- _Data to use_
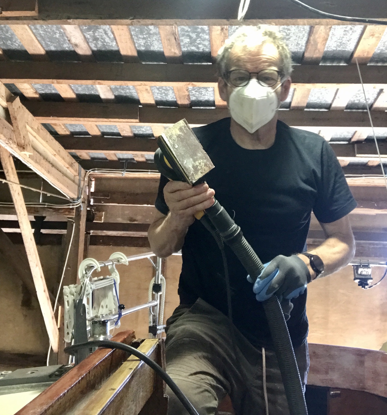 Tuomas kommer med buss. Jag dirigerar honom till båtvarvet, tänkte att han skulle få ta hand om masten som är upphissad i båtskjulstaket ovanför en massa ännu inte sjösatta båtar. Jag tar mig också dit och med förenade krafter lyckas Fredrik, Johan, Tuomas, jag och en okänd man få ner den och ut på gården.
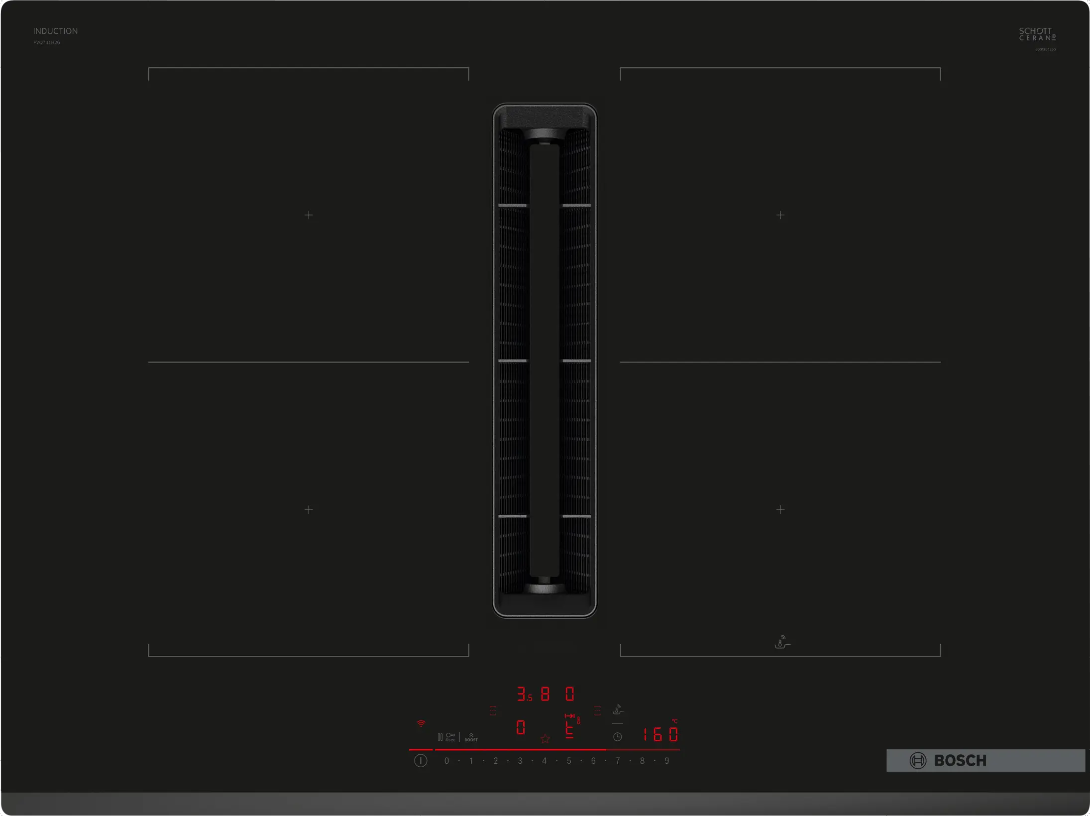 Seri 6 Kompor induksi dengan sitem ventilasi terintegrasi 70 cm Permukaan dipasang dengan bingkaiPVQ731H26E
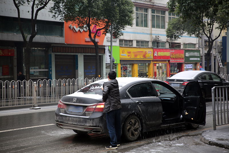 吉首市道路上,一名司机正在擦拭后玻璃窗上的积雪。
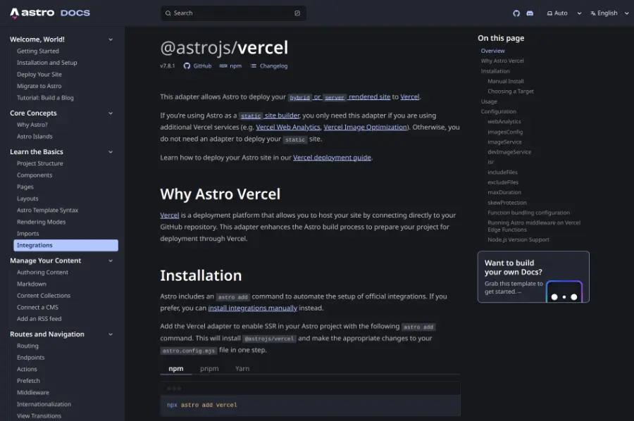 Deploy Astro projects with ease using serverless functions and edge functions.Vercel is a deployment platform that allows you to host your site by connecting directly to your GitHub repository. This adapter enhances the Astro build process to prepare your project for deployment through Vercel.
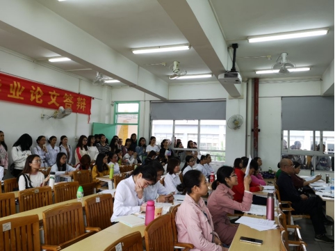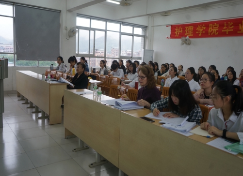 护理学院于2019年5月6、7、8、9、10、13日分别在教学楼C501、C502教室开展了2019届护理学专业全体本科生毕业生论文答辩工作。本次答辩共分为48个小组进行(每场12-13位答辩同学),答辩整体情况良好。

- _Exercise instructions_
Take the lines from the start of the entries through the line containing "吉首市道路上,一名司机正在擦拭后玻璃窗上的积雪。" and set them down exactly, leaving out every picture.

- _Answer box_
 Tuomas kommer med buss. Jag dirigerar honom till båtvarvet, tänkte att han skulle få ta hand om masten som är upphissad i båtskjulstaket ovanför en massa ännu inte sjösatta båtar. Jag tar mig också dit och med förenade krafter lyckas Fredrik, Johan, Tuomas, jag och en okänd man få ner den och ut på gården.
 Seri 6 Kompor induksi dengan sitem ventilasi terintegrasi 70 cm Permukaan dipasang dengan bingkaiPVQ731H26E
 吉首市道路上,一名司机正在擦拭后玻璃窗上的积雪。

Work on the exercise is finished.